Stem cell proportion-dependent commitment rate b = B₀s/U model satisfies experimental observations whereas constant commitment rate b = B₀ model does not. (A and B) For b = B₀ (A) and b = B₀s/U (B), regions of parameter space (a_m, Λ_m) are given that satisfy: homeostatic division rate 0.5/day ≤ a₀ ≤ 4.0/day (blue), maximum frequency of symmetric-stem fate outcomes 0.5 < P_max(sym) < 0.9 (red), and homeostasis within t = 3.5 days (white). Averages a₀ = 2.5/day and P_max(sym) = 0.7 are indicated by dashed lines. Parameter values satisfying all experimental measurements do not exist for the b = B₀ model (A), whereas they exist for the b = B₀s/U model (B) (solid black outline). Circled letters indicate parameters corresponding to solutions in (C) and (D). (C) Solutions of b = B₀ model are highly oscillatory in parameter regimes that satisfy experimental values of division rate and maximum frequency of symmetric-stem fate outcomes. (D) Solutions of b = B₀s/U model respond quickly to food changes without large oscillations in parameter regimes that satisfy all experimental measurements. To see this figure in color, go online.

Applying these criteria, we observe that when commitment rate is constant (b = B₀), no regions of the theoretical parameter space satisfy all three biological measurements; i.e., there is no region in which blue, red, and white shading all overlap (Fig. 2 A). Specifically, solutions to Eq. 4 with constant b = B₀ show strong behaviors of ringing (see Fig. 2 C and Supporting Material), which prevents solutions from approaching steady state within physiological time. This ringing in solutions approaching a new steady state determined by E_in is present for all fold-changes of E_in. Thus, although constant commitment rate is theoretically compatible with midgut adaptive growth, it is incompatible when biologically relevant measurements are applied.

A rate of commitment that depends on stem cell proportion is compatible with scaling and empirical measurements

Because the model with constant commitment rate does not fit experimental measurements, we examine a second possibility, in which commitment rate varies depending on how many stem cells and enterocytes are present in the tissue. Such a relationship can give rise to more realistic dynamics by allowing cell numbers to feed-back into the commitment rate. In the midgut, commitment to enteroblast fate is known to occur through Delta-Notch signaling between stem cells (33, 34, 35, 36). This biological phenomenology suggests that it is reasonable to model the signaling frequency, and consequently commitment rate, such that it depends on the number ratio of stem cells in the tissue s/U. We therefore explore the effects of this additional feedback to our model in Eq. 4.

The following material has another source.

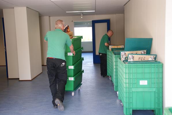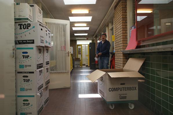 Dinsdag 21 april was het tijd voor de verhuizing van de Prins Clausschool naar het tijdelijke onderkomen aan de Jacob Barneveldstraat in Linschoten. Lege lokalen, overal volle verhuisdozen en het verhuisbedrijf dat heen en weer reed.
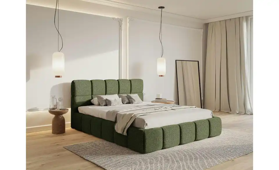 Suchen Sie nach einem Bett, das höchsten Ansprüchen gerecht wird? Das Polsterbett Cloudy vereint elegantes Design, Komfort und praktische Funktionalität in einem Möbelstück. Das Polsterbett überzeugt durch seine harmonische Kombination aus weichen, abgerundeten Formen und modernem Design. Das stilvolle Kopfteil ist in gepolsterte Quadrate unterteilt, die perfekt mit der abgerundeten Basis harmonieren. Der stabile Rahmen sorgt für zuverlässige Unterstützung Ihrer Matratze und ist ein eleganter Blickfang in jedem Schlafzimmer. Unser Tipp: Wählen Sie die Ausführung mit Bettkasten. So können Sie zusätzlichen Stauraum für Bettwäsche und andere Dinge schaffen.Lieferung & Versand

We find that a commitment rate proportional to stem cell-enterocyte ratio recapitulates midgut resizing within timescales that are biologically relevant. Specifically, we modify three elements: Eq. 4 such that b = B₀ s/U, Eq. 11 such that B₀ is replaced by B₀s₀/U₀, and the P_max calculation such that b = B₀ s₀/U₀. Incorporating these modifications, we solve Eq. 4 for various values of a_m and Λ_m. The resulting values define a theoretical parameter space that is compatible with the known biological measurements; i.e., the region in which blue, red, and white shading overlap (Fig. 2 B). In addition, stem cell scaling is maintained due to the form of b = B₀ s/U. Importantly, the large oscillations and ringing behaviors in the b = B₀ model (Fig. 2 C) that delays the approach to steady state are suppressed in the b = B₀ s/U model (Fig. 2 D). This result is confirmed by linear stability analysis, detailed in the Supporting Material. Moreover, the parameter region in which oscillations are significant is smaller in the b = B₀ s/U compared to the b = B₀ model, also detailed in the Supporting Material. We conclude that the known kinetics of midgut resizing can be accounted for by introducing an additional feedback term to Eq. 4, in particular, one that tunes the rate of enteroblast commitment to the existing proportion of stem cells.

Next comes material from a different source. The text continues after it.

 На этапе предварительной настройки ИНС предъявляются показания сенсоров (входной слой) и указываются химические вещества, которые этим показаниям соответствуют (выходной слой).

Therefore, from these results, we propose that our model equations be modified as

$$\begin{array}{l}\dot{s}=a_m\frac{E_d^2}{1+E_d^2}s-B_0{s}^2/U,\hfill \\ \dot{u}=B_0{s}^2/U-\lambda u,\hfill \\ \dot{U}=\lambda u-{\text{Λ}}_m\frac{1}{1+E_d^2}U.\hfill \end{array}$$ (12)

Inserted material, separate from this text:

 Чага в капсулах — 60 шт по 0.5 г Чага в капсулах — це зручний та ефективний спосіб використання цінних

Equation 12 captures stem cell scaling and in vivo resizing dynamics of the midgut. The steady-state solutions to Eq. 12 are presented in the Supporting Material. We note that the feedback through stem cell number ratio s/U does not uniquely allow the resizing model in Eq. 4 to capture realistic dynamics in the midgut; however, proportionality of commitment rate to s/U is one of the simplest forms for feedback that both represents biological phenomenology and captures realistic dynamics. Alternative models for feedback are suggested and explored in the Supporting Material.

2D model

2D model description. Although our nonspatial model implies that a tunable commitment rate b is needed for midgut resizing that fits experimental measurements, it does not provide insight into the cellular mechanisms that underlie this tunability. To explore these potential mechanisms, we develop a 2D model of the midgut that builds upon our nonspatial model. Many mathematical approaches have been used to model 2D epithelia including vertex models (37, 38, 39, 40), cellular automata (41, 42, 43), cellular Potts models (44, 45), and cell-centered models (46, 47, 48). Our 2D model is a cell-centered model based on overlapping spheres (49, 50, 51), where we represent cells as 2D spheres (disks) that are specified by the positions of their centers and that interact physically via forces such as cell-cell adhesion, volume exclusion, and stochastic motion (Fig. 3, A and B). We chose a cell-centered model, among others, because it describes the midgut system at the length scale of cells, which is the length scale of the phenomenology in which we are interested. As shown, in vivo (35, 52), contact-mediated, Delta-Notch signaling between individual stem cells serves to define commitment to terminal fate (Fig. 3 C). Thus, in the 2D model, commitment rate becomes a property that emerges from the fate decisions of individual stem cells, in contrast to the nonspatial model, in which commitment rate is explicitly defined with respect to the tissue-wide ratio of stem cells to enterocytes.

Figure 3.

2D model accounts for spatial tissue dynamics. Midgut cells are represented by physically interacting, soft pseudo-spheres that signal to each other via Delta-Notch interactions. (A) Given here is a schematic: stem cells, enteroblasts, and enterocytes in a 2D domain. (B) Attractive and repulsive forces from neighbor cells and stochastic motility are taken into account. Given here is trapping potential V(d) from neighbor interactions with preferred distance d₀ between cells of radii R₁ and R₂. (C) Given here is a schematic of Delta-Notch lateral inhibition from protein dynamics z(t). (D) Here we have frames from 2D simulation (Movie S1) of the feed-fast cycle: E_in is increased fourfold, then decreased to original value. (E and F) Given here are cell numbers (E) and stem cell-enterocyte ratio (F) as functions of time for the simulation in (D) with timeframes indicated (vertical dotted lines). To see this figure in color, go online.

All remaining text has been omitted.